The third constraint is capex and acquisition integration. The plan to invest more than Rs.16,000 crores over the next three years and increase capacity to more than 240 MTPA is a growth opportunity, but it carries execution risk. The acquired ICL and Kesoram assets require brand migration, quality standardization, cost improvement, higher utilization, land, mining and environmental permitting, and resolution of existing debt and contingent liabilities. If integration is delayed, additional investment may be required and EBITDA per tonne and FCF could be pressured.
The fourth constraint is capital allocation. The FY26 special dividend is supported by operating cash flow, but on a supporting calculation, capex plus dividends exceed operating cash flow. Bond investors need to consider the risk that shareholder returns increase in strong years while capex and debt repayment remain in weak years. Current leverage is low, but if dividends, acquisitions, capex, and new businesses proceed simultaneously, financial-policy conservatism becomes key to maintaining ratings.
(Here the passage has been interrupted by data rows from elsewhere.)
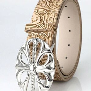 クロスバックル 型押しベルト メンズ ベージュゴシック系172753
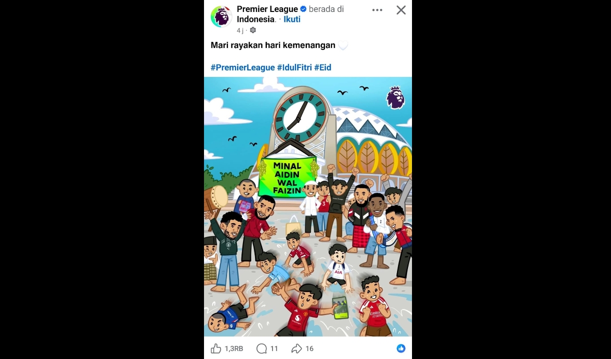 PALU – Masyarakat Sulawesi Tengah berbangga desain poster atau flyer ucapan Idul Fitri bertema sepak bola yang diunggah akun Premier League menuai perhatian publik, khususnya warga Kota Palu.
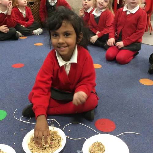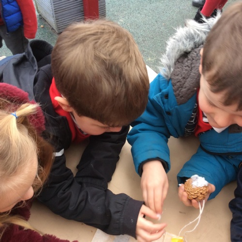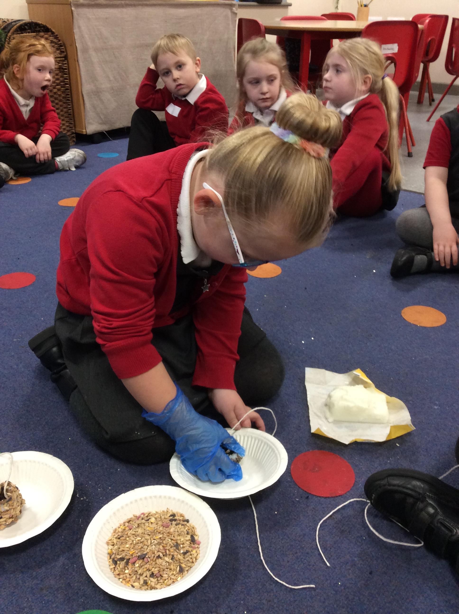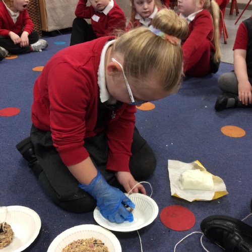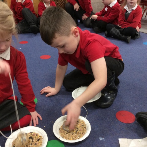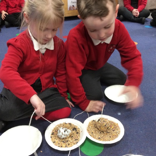 In F2, we have been making bird feeders to help birds during the winter!
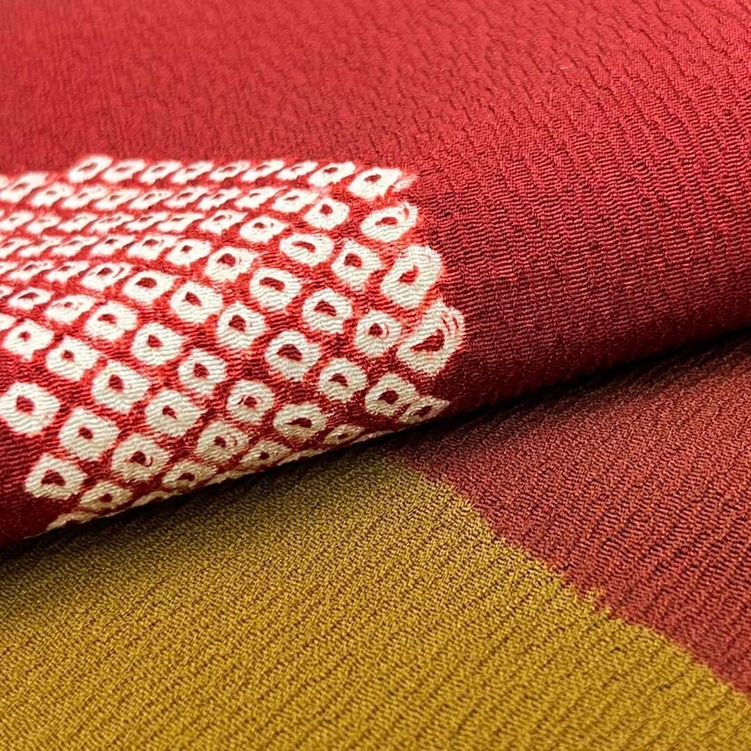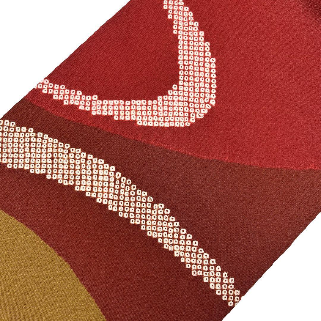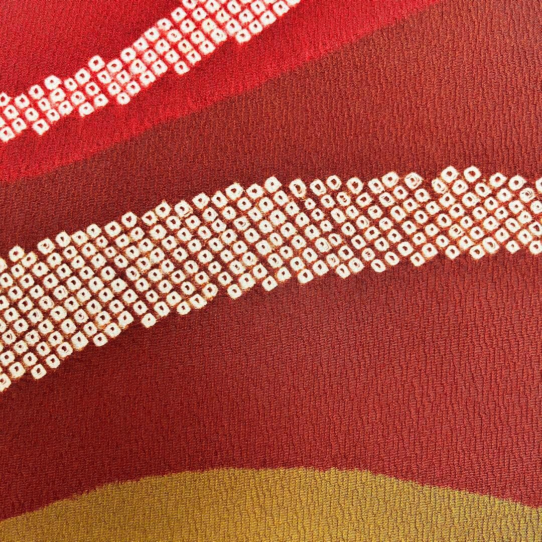 蘇芳色ベースの縮緬に染分けの彩りの良い色彩に鹿の子絞りでデザインされた素敵な柄裄のお品でございます。

The fifth constraint is environmental, regulatory, and competition-law risk. Cement has high CO2 emissions and involves limestone mining, fuel, waste use, dust, water, and local-community impacts. CARE cites CO2-intensity reduction targets, a target for renewable energy / WHRS of 60% by FY27, and a green power target of 85% by FY30. However, achieving these targets requires investment. The FY25 annual report also confirms disputes related to the Competition Commission of India (CCI). The final legal outcome and any cash outflow have not been confirmed, but competition-law risk is a structural monitoring item for the cement industry.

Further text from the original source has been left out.